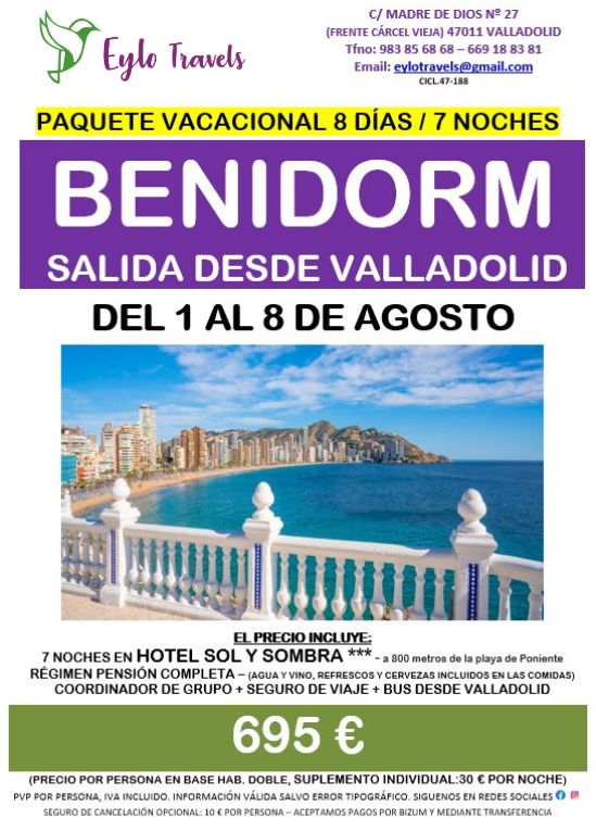 Benidorm desde Valladolid | 8 Días en Pensión Completa en Agosto.
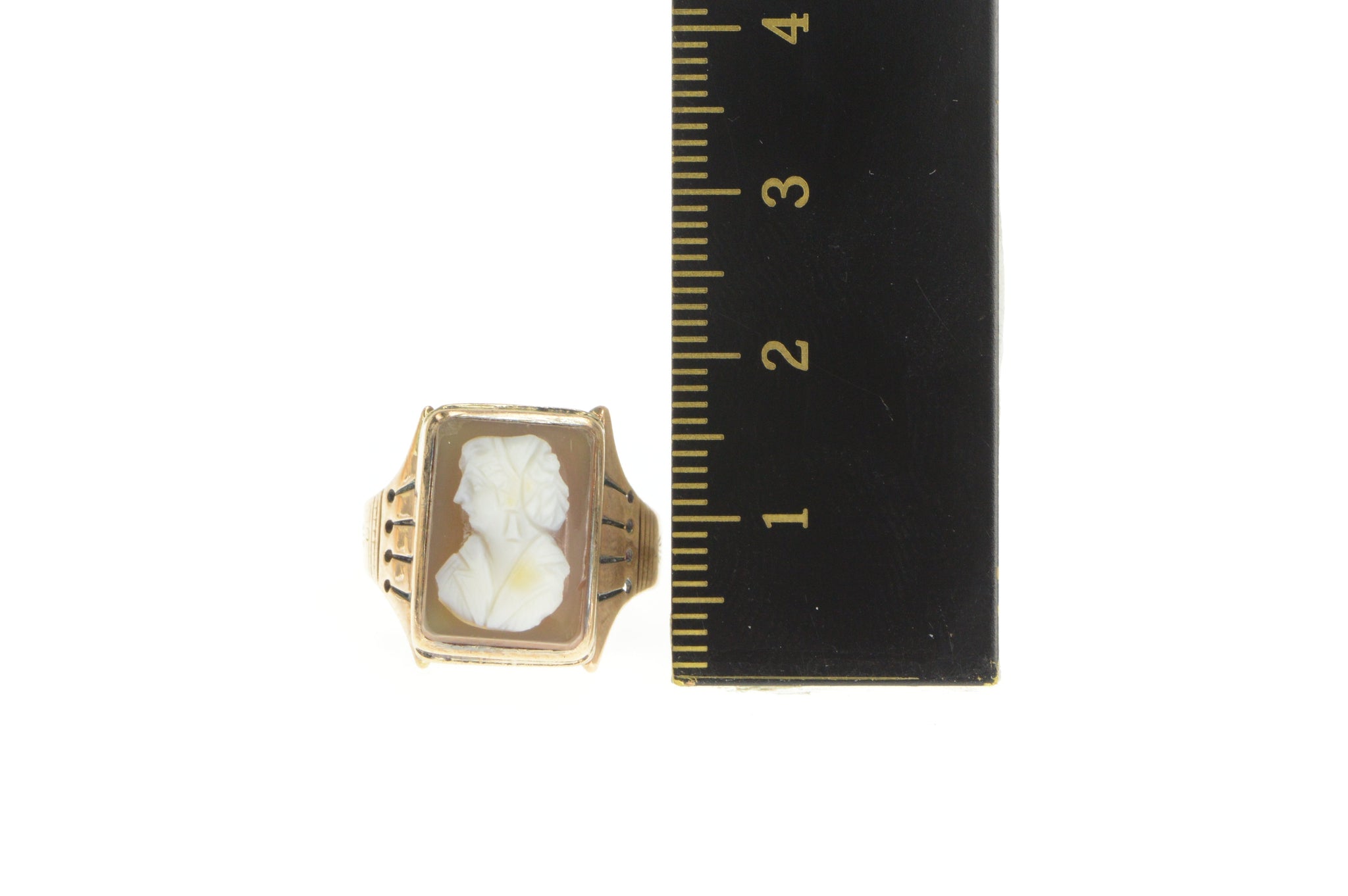 ·Item: 14K Ornate Carved Coral Shell Cameo Statement Ring Size 7.25 Yellow Gold
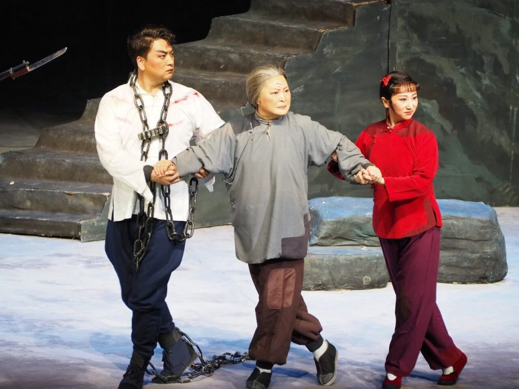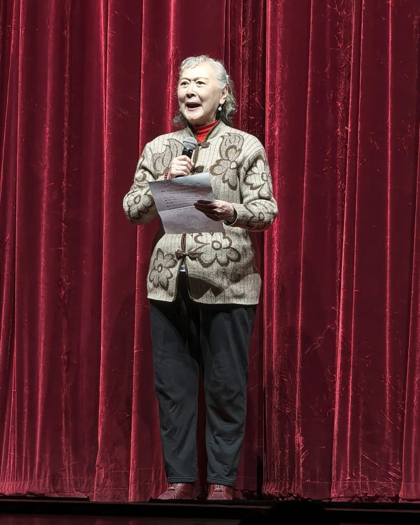 演出开场白,由当年扮演李铁梅的今年已经83岁高龄的中国著名京剧表演艺术家刘长瑜先生致辞,她饱含深情地讲述了这部戏的创作过程和发展历程,表达了她对这部戏亲身参与和持之以恒的深切感受,也表达了对革命先烈为人民的幸福抛头颅,洒热血英勇献身的感慨和敬仰。观众对刘长瑜先生的致辞报以长时间热烈的掌声。
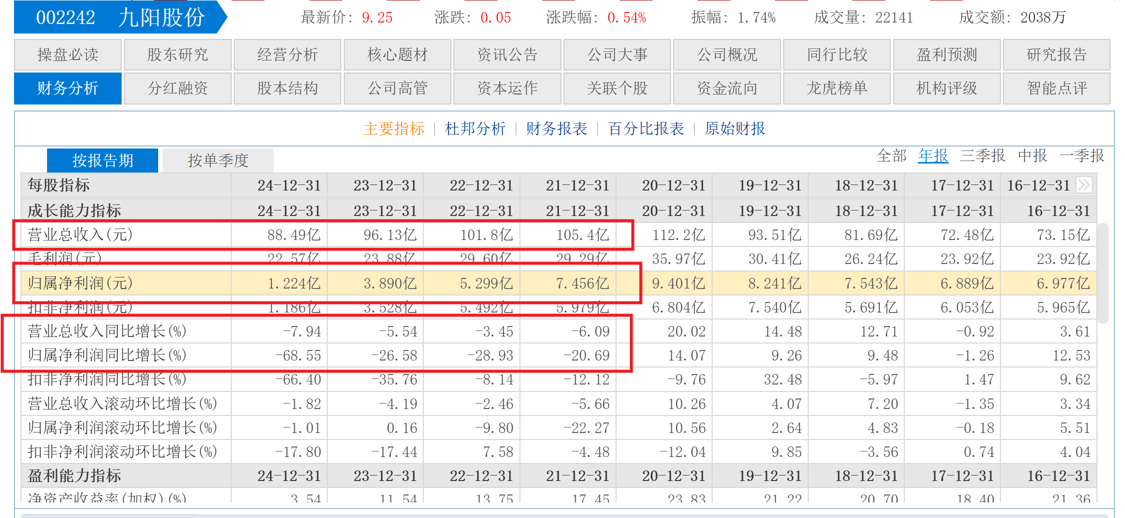 近期,九阳股份发布了总经理辞职公告。此外,该公司连续三年营收净利双降,揭示的不仅是报表上的数字困局,更是一个时代消费逻辑的深刻变迁。曾经凭借豆浆机单品横扫千军的九阳,正站在传统小家电转型的十字路口,而厨房里的这场变革远比想象中更为复杂。
•••••
Look above for the line with "7.25 Yellow Gold", then print it and each line after it down to and including the line with "演出开场白,由当年扮演李铁梅". Leave out the pictures and keep the wording exact.

▸ RESULT BELOW
 ·Item: 14K Ornate Carved Coral Shell Cameo Statement Ring Size 7.25 Yellow Gold
 演出开场白,由当年扮演李铁梅的今年已经83岁高龄的中国著名京剧表演艺术家刘长瑜先生致辞,她饱含深情地讲述了这部戏的创作过程和发展历程,表达了她对这部戏亲身参与和持之以恒的深切感受,也表达了对革命先烈为人民的幸福抛头颅,洒热血英勇献身的感慨和敬仰。观众对刘长瑜先生的致辞报以长时间热烈的掌声。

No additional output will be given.